# Parallel Programming 

## MPI

*Flesh out introduction here*
- mpi_rank and mpi_size 
- scattered_arrays
- reduced arrays
- play with sizes and timing. 
- create a graph with time vs array size
- create a graph with time vs MPI tasks

In [1]:
from mpi4py import MPI 
import numpy as np 
import timeit


comm = MPI.COMM_WORLD
mpi_size = comm.Get_size()
mpi_rank = comm.Get_rank()
array_size = 100

def add_cpu():
    a = np.arange(array_size)    
    a_scattered = np.zeros_like(a)
    a_reduced = np.zeros_like(a)
    
    comm.Scatter(a, a_scattered, root=0)
    comm.Reduce(a_scattered, a_reduced, op=MPI.SUM, root=0)
    return np.sum(a_reduced)

total_time = timeit.timeit(add_cpu)
print(f'Total time for MPI addition is: {total_time}')

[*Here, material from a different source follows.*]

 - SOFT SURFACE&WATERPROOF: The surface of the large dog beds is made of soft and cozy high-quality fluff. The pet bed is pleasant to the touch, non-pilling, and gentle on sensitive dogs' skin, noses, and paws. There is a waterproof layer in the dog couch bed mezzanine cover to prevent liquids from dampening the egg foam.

Total time for MPI addition is: 7.157103275999816


In [3]:
import matplotlib.pyplot as plt 

array_sizes = [100, 500, 1000, 10000, 50000, 1000000]
times = []

for size in array_sizes:
    times.append(timeit.timeit(add))
    
plt.style.use('bmh')
plt.plot(array_sizes, times)
plt.show()

## CUDA

*Flesh out introduction here*
- Array on CPU, and array on GPU.
- Time vs array size. 

In [2]:
import cupy as cp 
import timeit 

array_size = 100

def add_gpu():
    a = cp.arange(array_size) 
    return cp.sum(a)   

total_time = timeit.timeit(add_gpu)
print(f'Total time for GPU addition is: {total_time}')

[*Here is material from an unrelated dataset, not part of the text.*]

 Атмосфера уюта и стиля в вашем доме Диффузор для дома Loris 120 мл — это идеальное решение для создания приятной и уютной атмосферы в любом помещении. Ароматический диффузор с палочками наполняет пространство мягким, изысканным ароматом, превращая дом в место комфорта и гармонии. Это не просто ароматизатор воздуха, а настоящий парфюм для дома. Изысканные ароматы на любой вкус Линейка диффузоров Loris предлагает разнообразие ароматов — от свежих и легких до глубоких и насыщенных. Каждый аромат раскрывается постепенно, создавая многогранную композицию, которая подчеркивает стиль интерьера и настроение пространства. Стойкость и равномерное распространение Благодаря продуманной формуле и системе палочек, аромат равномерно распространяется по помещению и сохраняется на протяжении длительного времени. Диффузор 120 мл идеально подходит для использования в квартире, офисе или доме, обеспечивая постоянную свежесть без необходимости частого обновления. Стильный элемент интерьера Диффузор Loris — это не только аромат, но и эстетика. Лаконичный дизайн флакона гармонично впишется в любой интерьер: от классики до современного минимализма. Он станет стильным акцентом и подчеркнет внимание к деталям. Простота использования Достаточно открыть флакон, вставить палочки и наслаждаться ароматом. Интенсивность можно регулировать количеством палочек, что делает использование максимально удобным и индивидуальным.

Total time for GPU addition is: 61.88499339000009


In [None]:
import matplotlib.pyplot as plt 

array_sizes = [100, 500, 1000, 10000, 50000, 1000000]
times = []

for size in array_sizes:
    times.append(timeit.timeit(add_gpu))
    
plt.style.use('bmh')
plt.plot(array_sizes, times)
plt.show()

*Other operations maybe: scalar multiply?*